Task input section start

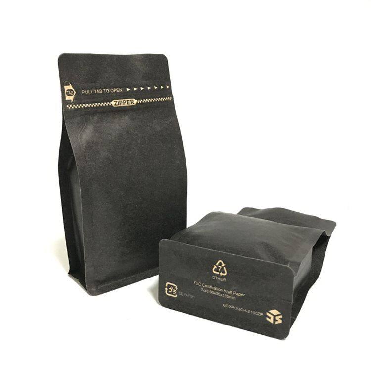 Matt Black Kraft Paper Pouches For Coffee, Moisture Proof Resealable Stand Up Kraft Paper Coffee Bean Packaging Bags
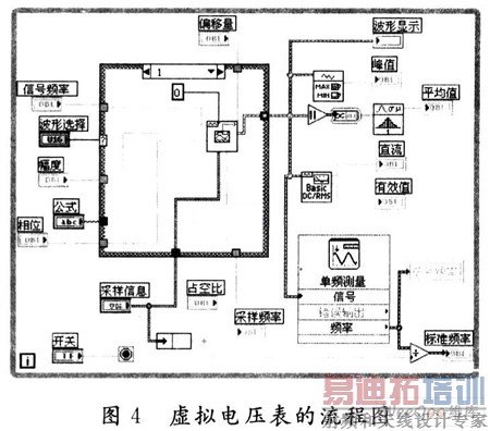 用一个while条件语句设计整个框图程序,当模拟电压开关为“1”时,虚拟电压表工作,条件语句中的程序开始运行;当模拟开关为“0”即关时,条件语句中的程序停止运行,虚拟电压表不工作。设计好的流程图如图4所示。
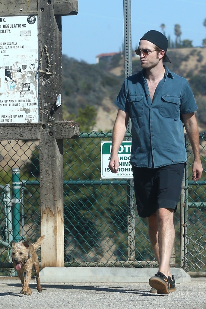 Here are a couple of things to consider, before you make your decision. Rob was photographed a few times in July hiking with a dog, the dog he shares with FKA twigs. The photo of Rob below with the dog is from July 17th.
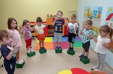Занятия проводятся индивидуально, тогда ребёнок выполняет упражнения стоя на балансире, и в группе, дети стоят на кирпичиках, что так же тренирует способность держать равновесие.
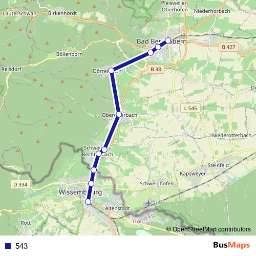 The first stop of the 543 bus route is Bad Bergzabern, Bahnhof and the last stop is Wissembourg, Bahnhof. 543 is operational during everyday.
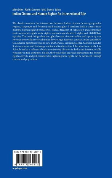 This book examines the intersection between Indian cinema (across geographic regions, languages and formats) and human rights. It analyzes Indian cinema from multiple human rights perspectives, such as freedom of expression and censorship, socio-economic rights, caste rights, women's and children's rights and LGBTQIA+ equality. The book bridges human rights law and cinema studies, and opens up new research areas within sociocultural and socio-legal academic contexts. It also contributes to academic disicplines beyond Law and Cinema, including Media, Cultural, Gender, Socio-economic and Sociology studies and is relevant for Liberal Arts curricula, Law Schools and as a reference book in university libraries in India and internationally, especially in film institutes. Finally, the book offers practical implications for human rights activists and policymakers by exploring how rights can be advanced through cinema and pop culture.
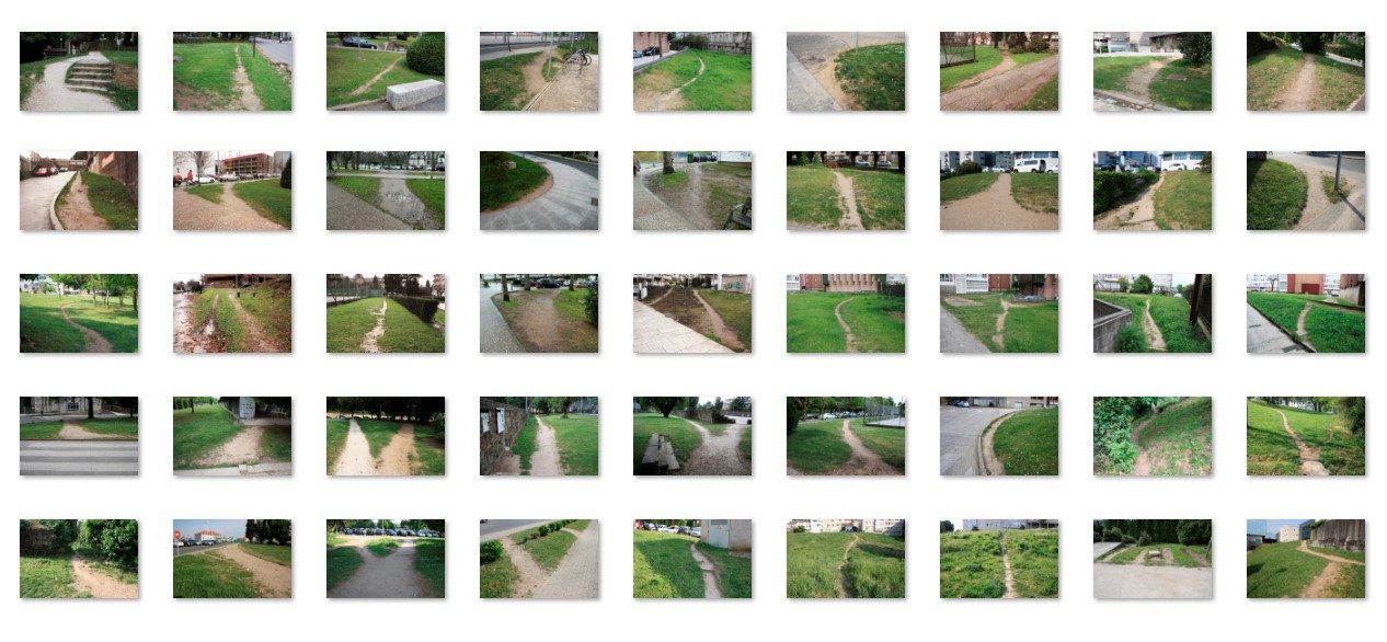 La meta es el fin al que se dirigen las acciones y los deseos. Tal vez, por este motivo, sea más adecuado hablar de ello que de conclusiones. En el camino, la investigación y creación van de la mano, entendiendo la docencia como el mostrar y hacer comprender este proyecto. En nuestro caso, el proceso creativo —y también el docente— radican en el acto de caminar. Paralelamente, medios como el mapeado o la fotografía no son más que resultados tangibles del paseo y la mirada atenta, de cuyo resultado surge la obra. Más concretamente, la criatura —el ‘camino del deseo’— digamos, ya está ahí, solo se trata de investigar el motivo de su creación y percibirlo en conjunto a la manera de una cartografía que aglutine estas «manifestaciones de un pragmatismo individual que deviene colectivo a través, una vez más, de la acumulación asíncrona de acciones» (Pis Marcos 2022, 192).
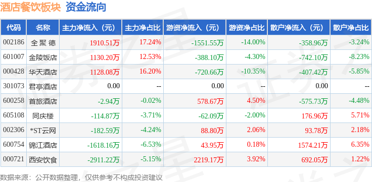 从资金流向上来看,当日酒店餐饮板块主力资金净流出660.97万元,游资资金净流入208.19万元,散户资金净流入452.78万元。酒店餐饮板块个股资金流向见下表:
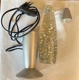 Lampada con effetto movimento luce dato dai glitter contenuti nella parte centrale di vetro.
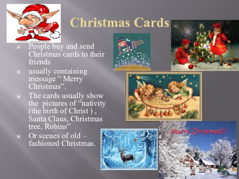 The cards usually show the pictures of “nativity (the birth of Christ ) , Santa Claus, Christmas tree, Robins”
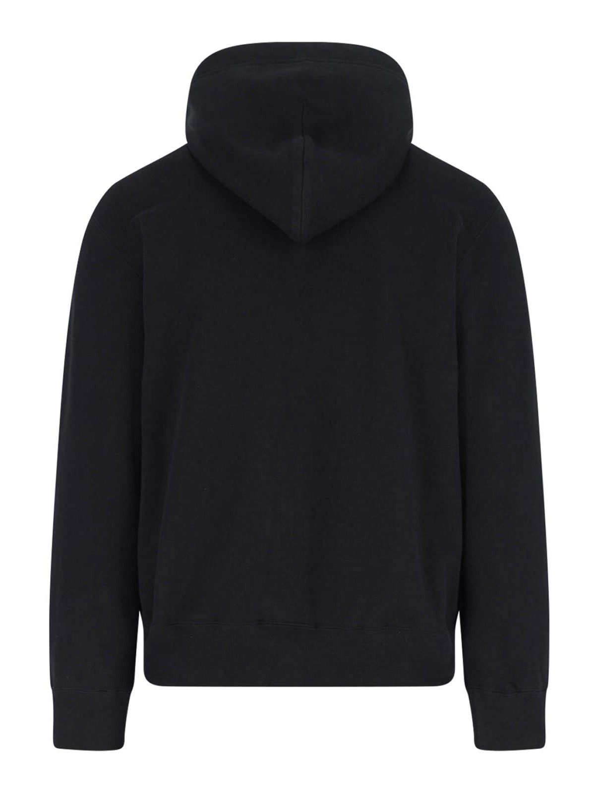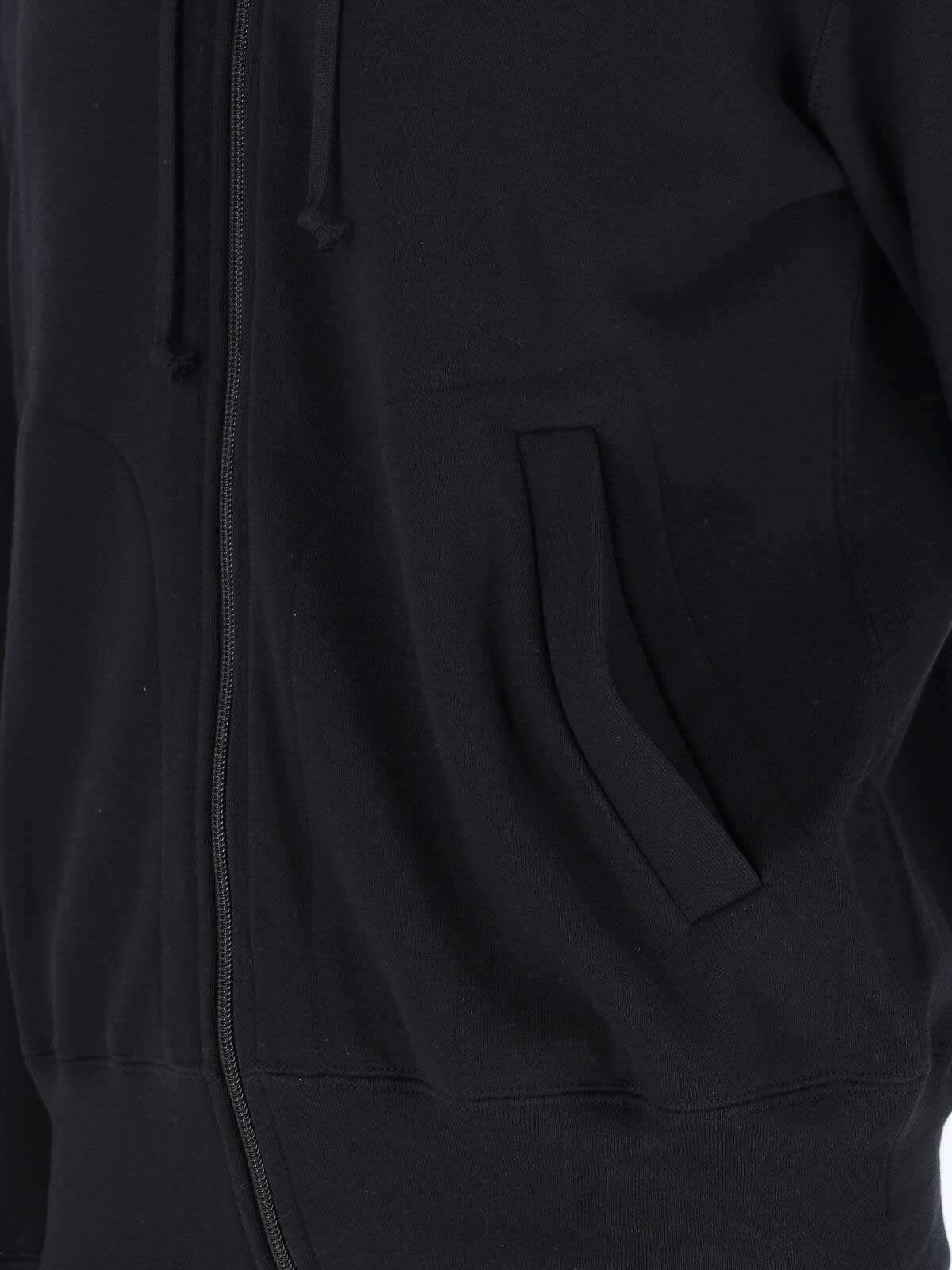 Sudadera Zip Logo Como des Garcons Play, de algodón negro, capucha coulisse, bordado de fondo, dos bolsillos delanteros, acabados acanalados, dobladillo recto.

Task input section end
Task input section start

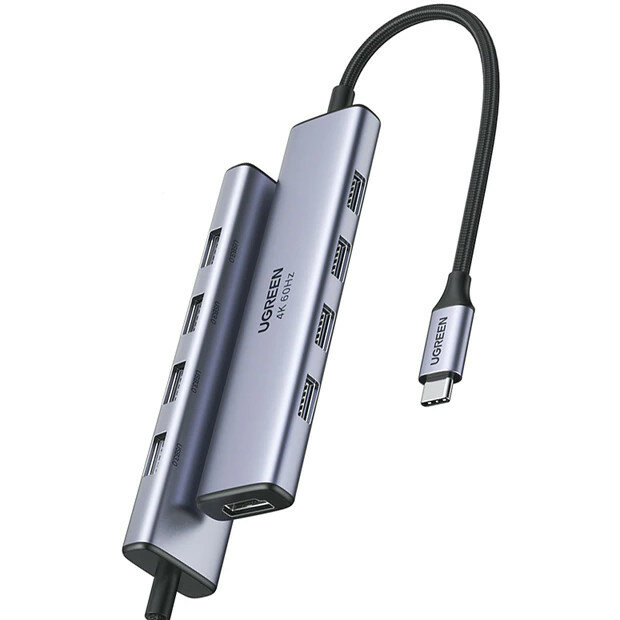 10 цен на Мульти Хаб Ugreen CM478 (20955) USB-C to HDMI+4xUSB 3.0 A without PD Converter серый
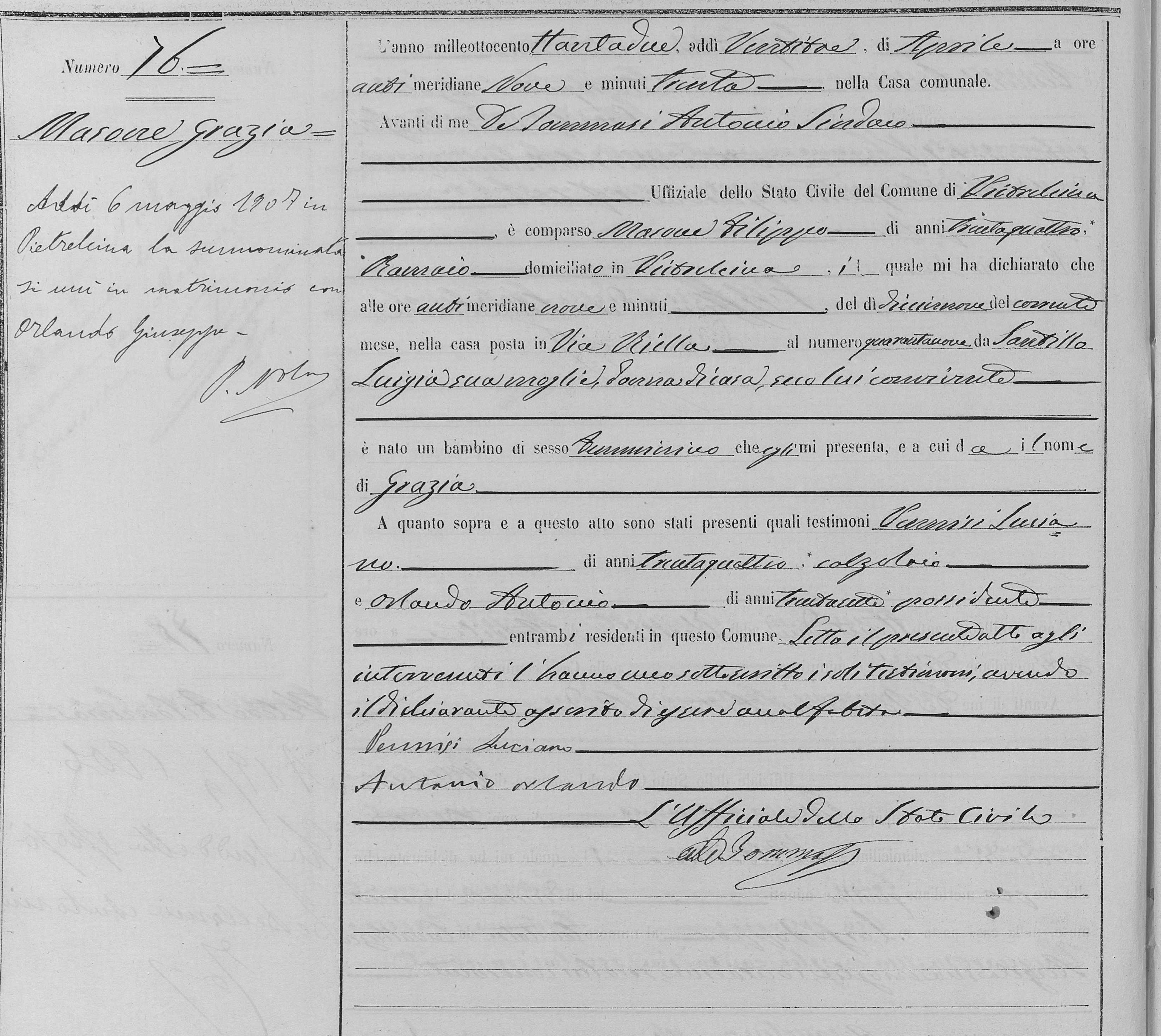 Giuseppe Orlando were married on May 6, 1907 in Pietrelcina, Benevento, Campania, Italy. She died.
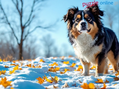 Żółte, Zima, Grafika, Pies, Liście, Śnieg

Task input section end
Task input section start

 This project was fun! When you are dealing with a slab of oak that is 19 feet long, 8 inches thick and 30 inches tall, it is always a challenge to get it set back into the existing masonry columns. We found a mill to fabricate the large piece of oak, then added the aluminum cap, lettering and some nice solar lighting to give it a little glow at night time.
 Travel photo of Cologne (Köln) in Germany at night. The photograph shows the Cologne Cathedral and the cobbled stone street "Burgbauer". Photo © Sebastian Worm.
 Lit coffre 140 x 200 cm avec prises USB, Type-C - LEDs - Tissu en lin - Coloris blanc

Task input section end

• Task to complete:
Whenever a line of the data above includes the word "night", copy that line.

• Answer to this task:
 This project was fun! When you are dealing with a slab of oak that is 19 feet long, 8 inches thick and 30 inches tall, it is always a challenge to get it set back into the existing masonry columns. We found a mill to fabricate the large piece of oak, then added the aluminum cap, lettering and some nice solar lighting to give it a little glow at night time.
 Travel photo of Cologne (Köln) in Germany at night. The photograph shows the Cologne Cathedral and the cobbled stone street "Burgbauer". Photo © Sebastian Worm.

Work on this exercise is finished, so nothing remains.